Multiple Exposure Implementation

Does anyone know about the implemented multi-exposure algorithm? I am looking for something that the given vectors A, B compute the product A [i] ^ B [i] using some of the fast algorithms there.

Thanks!

+4
source share
3 answers

The following assumes your data is a floating point. If you have integers with multiple dots, indicate your requirements.

The pure numerical way is, of course, to take the magazine first. In fact, partial works can easily be under / overflowed, even if the result is finite.

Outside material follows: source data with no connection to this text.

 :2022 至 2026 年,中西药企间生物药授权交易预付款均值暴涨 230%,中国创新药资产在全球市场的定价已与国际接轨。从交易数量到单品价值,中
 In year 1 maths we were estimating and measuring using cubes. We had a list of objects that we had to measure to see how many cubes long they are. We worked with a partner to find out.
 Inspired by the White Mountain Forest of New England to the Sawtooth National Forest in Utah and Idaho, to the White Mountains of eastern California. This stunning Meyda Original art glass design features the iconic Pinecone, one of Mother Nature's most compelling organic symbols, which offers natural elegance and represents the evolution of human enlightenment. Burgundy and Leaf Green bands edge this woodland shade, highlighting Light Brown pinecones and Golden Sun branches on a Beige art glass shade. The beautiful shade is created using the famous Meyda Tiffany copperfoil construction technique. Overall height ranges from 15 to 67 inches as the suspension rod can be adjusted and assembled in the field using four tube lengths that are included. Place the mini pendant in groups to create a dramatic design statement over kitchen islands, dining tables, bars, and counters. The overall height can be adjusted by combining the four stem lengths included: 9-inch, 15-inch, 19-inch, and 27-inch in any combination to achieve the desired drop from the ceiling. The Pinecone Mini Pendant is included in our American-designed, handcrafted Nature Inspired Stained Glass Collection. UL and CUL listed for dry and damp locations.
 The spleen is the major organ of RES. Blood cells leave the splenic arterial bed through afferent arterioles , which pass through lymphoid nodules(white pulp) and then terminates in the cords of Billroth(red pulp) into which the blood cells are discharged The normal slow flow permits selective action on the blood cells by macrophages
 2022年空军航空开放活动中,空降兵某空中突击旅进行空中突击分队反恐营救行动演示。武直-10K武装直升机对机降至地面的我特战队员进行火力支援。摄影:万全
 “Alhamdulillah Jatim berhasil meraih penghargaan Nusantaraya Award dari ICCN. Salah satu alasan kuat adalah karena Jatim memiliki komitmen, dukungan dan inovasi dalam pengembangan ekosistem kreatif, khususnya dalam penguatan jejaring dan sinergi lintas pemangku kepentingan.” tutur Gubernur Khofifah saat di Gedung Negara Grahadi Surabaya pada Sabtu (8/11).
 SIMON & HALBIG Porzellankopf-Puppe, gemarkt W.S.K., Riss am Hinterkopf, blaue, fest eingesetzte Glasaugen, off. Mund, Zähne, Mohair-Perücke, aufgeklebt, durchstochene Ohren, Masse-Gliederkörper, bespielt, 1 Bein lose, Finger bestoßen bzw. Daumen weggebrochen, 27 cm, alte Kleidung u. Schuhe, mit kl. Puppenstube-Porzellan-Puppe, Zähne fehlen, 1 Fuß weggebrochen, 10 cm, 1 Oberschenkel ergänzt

Idiomatic corresponding program in C ++:

#include <cmath> #include <functional> #include <numeric> double f(double x, double y) { return y * std::log(x); } template <typename I, typename J> double multi_exponentiation(I a0, I an, J b0) { return std::exp(std::inner_product(a0, an, b0, 0., std::plus<double>(), f)); } // Example program int main() { std::vector<double> a, b; ... double e = multi_exponentiation(a.begin(), a.end(), b.begin()); } 

Using inner_product instead of writing a loop in itself has the advantage that as soon as you know that performance is a problem, you can replace the inner_product algorithm with the parallel_inner_product algorithm provided by a third-party library (or write one yourself).

+2
source

How fast should it be? Depending on the size of your algorithm, the power function should not be too bottleneck.

You should write a simple function such as:

 Vector VectorPower( Vector vec1, Vector vec2 ) { assert(vec1.length() == vec2.length()); Vector vecAns( vec1.length() ); for( unsigned int i = 0; i < vec1.length(); i++ ) { vecAns[i] = pow( vec1[i], vec2[i] ); } return vecAns; } 

In most cases, this will be effective enough for your application. If you were to implement a square root or some other transcendental function, you would also look at optimization.

In addition, some processors are optimized for arbitrary integrated capacities, and, of course, GPUs (although this helps a little if it is not a graphic-related record and is not marked as such).

Hope this answers your question :)

0
source

Have you tried tommath (not sure if it meets your performance requirements)? Its a multi-purpose integer arithmetic library!